M. Beaudry : Je peux en parler, mais il faut regarder chaque élément et regarder de tous les côtés.
Le plus frappant, c’est que quand on divise les différents secteurs à travers le Canada, on s’aperçoit que les secteurs à grande productivité aux États-Unis, qui incluent le secteur de la haute technologie et de l’informatique, sont beaucoup plus importants de ce côté. Les secteurs qui ont été les plus performants aux États-Unis sur le plan de la productivité sont des secteurs relativement plus petits au Canada.
La question est de savoir pourquoi on n’a pas réussi avec le temps à investir davantage dans ces secteurs et pourquoi on est resté dans des secteurs où la productivité augmente moins. Il faut un changement ou un transfert dans l’économie pour se diriger vers ces secteurs.
Ce n’est pas facile — ce n’est pas comme si on n’y allait pas du tout, mais c’est quand même relativement lent.
La sénatrice Miville-Dechêne : Merci.
[Traduction]
La présidente : Monsieur Beaudry, je voudrais vous demander votre avis au sujet d’une question que personne n’a soulevée. Il y a une semaine ou 10 jours, j’ai lu les observations de la première sous-gouverneure, Carolyn Rogers. Elle parlait de productivité, mais aussi de l’économie en général.

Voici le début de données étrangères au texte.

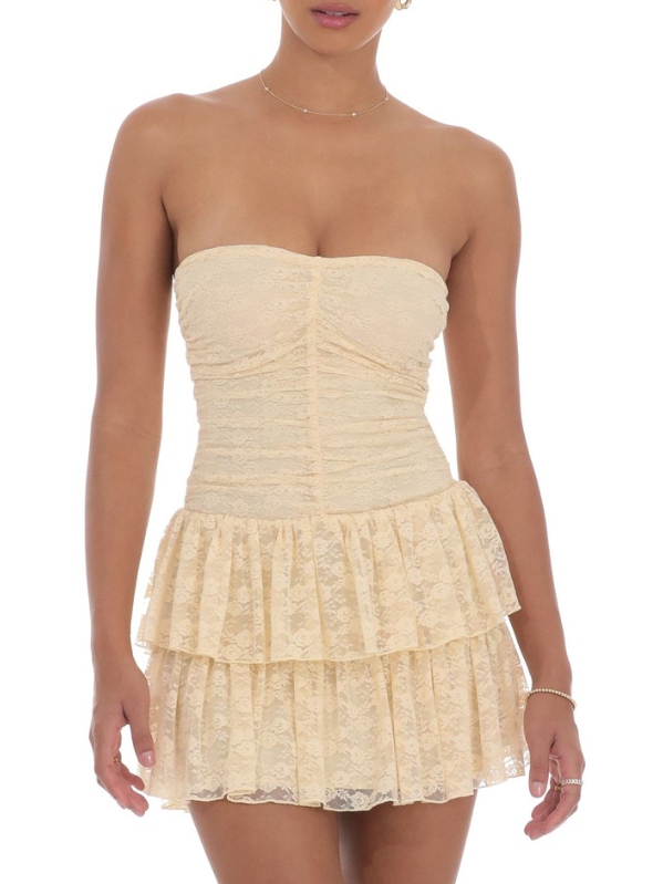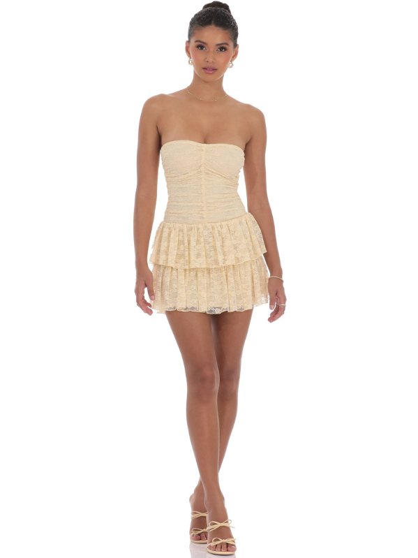 Quinta Ruffle Floral Lace Dress in Beige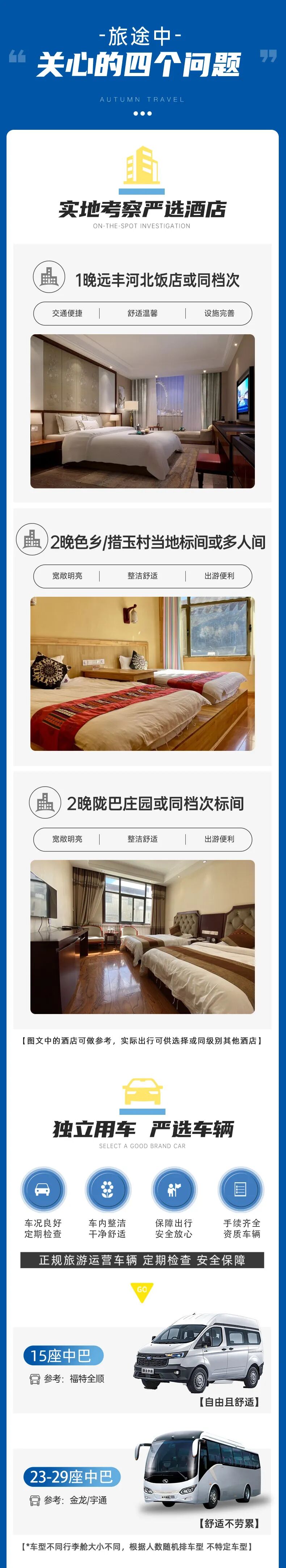 行程中的所列的酒店类型,2星/2钻=经济型;3星/3钻=舒适型;4星/4钻=高档型;5星/5钻=豪华型;意为评定或条件到达相应标准的酒店,少部分地区,由于政策等因素,可能存在酒店条件满足,但未进行星钻评定的情况。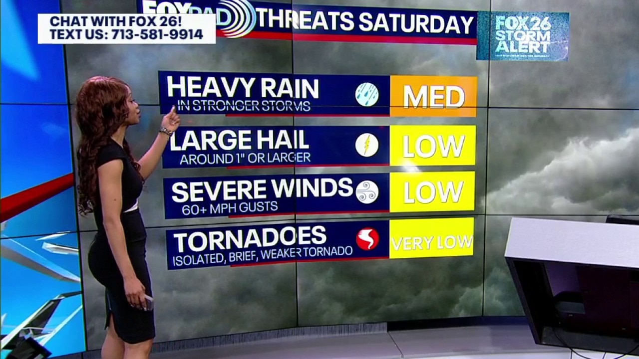 A slow-moving cold front will bring the threat for a few severe storms Saturday evening into Saturday night. The main risk will be some brief wind gusts of 60+ mph that could cause damage. The other risk is heavy rain that could lead to isolated street flooding in and around Houston. The main risk for flooding will be overnight Saturday through Sunday morning. Download our free streaming app Fox local for updates on your Easter weather over the weekend.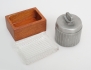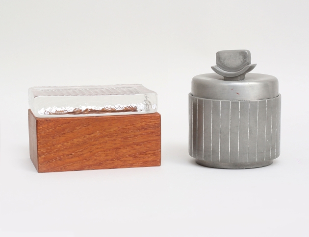 GAB Stockholm 1936, höjd 9, skrin med lock Bengt Edenfalk, lock i gjutet glas, skrin i teak, höjd 6, 10x7 (2)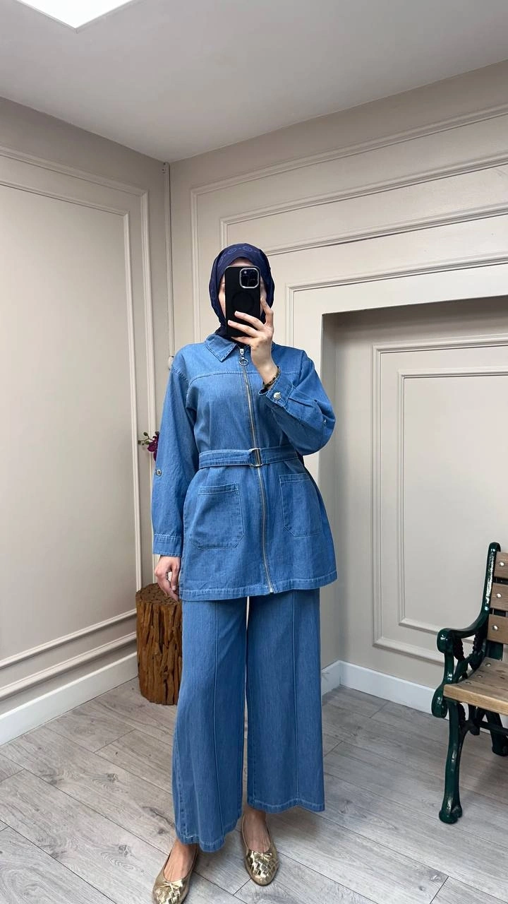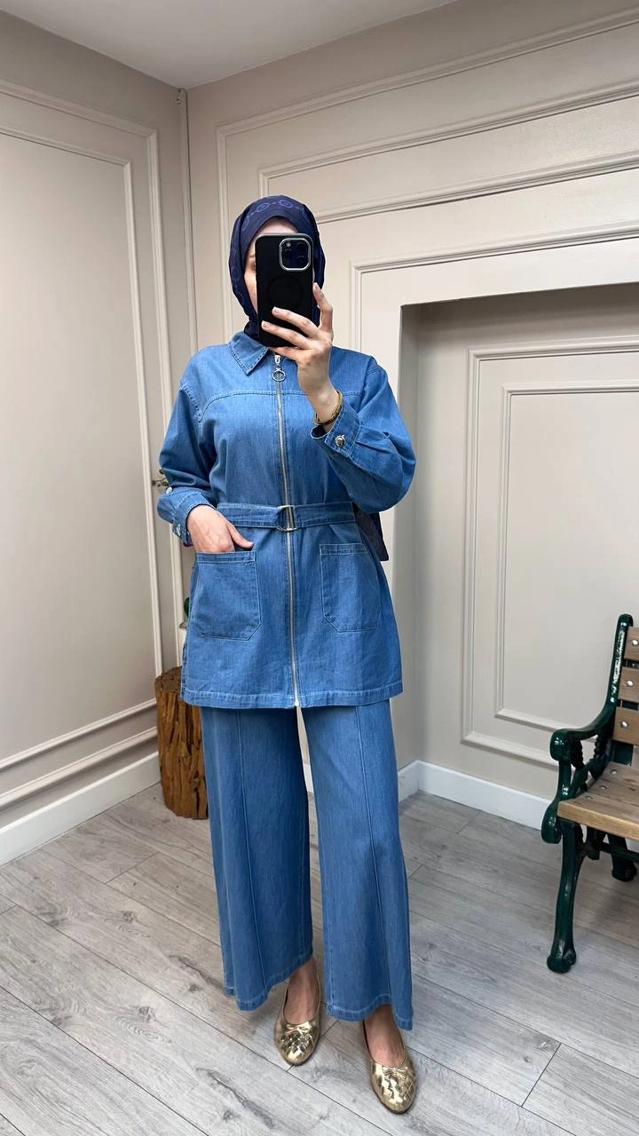Magazin 7443 Açık Mavi Kemerli Tensel Takım

Elle a dit : « Vous connaissez les affiches qui disent : “En cas d’urgence, cassez la vitre”? Eh bien, le temps est venu de casser la vitre. »
Vous savez mieux que quiconque que les représentants de la Banque du Canada parlent rarement aussi franchement. Avez-vous été surpris, et êtes-vous d’accord?
M. Beaudry : Je ne suis certainement pas surpris, et je pense que je suis d’accord. S’il existe un enjeu important pouvant réunir au Canada beaucoup de gens qui peuvent s’entendre sur le fait qu’il y a un problème de productivité, c’est bien le bien-être à long terme des Canadiens. Il est très difficile d’imaginer qu’il puisse y avoir une hausse du niveau de vie au Canada sans qu’il y ait d’augmentation.
Souvent, il est beaucoup plus facile de penser aux problèmes à court terme. Ceux-ci sont à long terme. S’il faut en parler, ce sont des choses auxquelles nous devons trouver des solutions qui ne sont pas nécessairement faciles. Il y a beaucoup de tensions entourant la recherche de solutions et les coûts que nous sommes prêts à réduire ailleurs pour y parvenir.
Oui, c’est l’un des plus grands défis pour le Canada qui doit réfléchir à ce qu’il va faire et le déterminer maintenant. Il y a la transition climatique qui s’ajoute à cela, alors nous devons réfléchir, dans ce contexte, à la façon dont nous allons procéder et faire en sorte que la productivité augmente davantage. En outre, ce n’est pas seulement par rapport aux États-Unis. C’est par rapport à presque toutes les économies avancées. Nous sommes au bas de l’échelle. L’Italie semble faire aussi piètre figure que nous, mais c’est à peu près tout.
La présidente : Comment interprétez-vous l’expression « casser la vitre »?
M. Beaudry : Ce n’était pas une proposition de solution. Elle a dit qu’il fallait « casser la vitre », sans dire ce qu’il y avait de l’autre côté.
Je pense que cela signifie qu’on doit veiller à ce qu’aucun sujet ne soit tabou, ouvrir la discussion sur tous les fronts et dire : « Faisons preuve d’ouverture, formons un seul et même groupe, réfléchissons à cela, allons de l’avant, brassons des idées et essayons de trouver une solution. » Il n’y a pas lieu de se retenir à cet égard. Je ne vois pas d’autre signification à l’expression « casser la vitre » à ce moment-ci.
La présidente : Cela ressemble à ce que demande le comité des banques dans tous les rapports qu’il a produits récemment.
Le sénateur Yussuff : Merci d’être ici, monsieur Beaudry.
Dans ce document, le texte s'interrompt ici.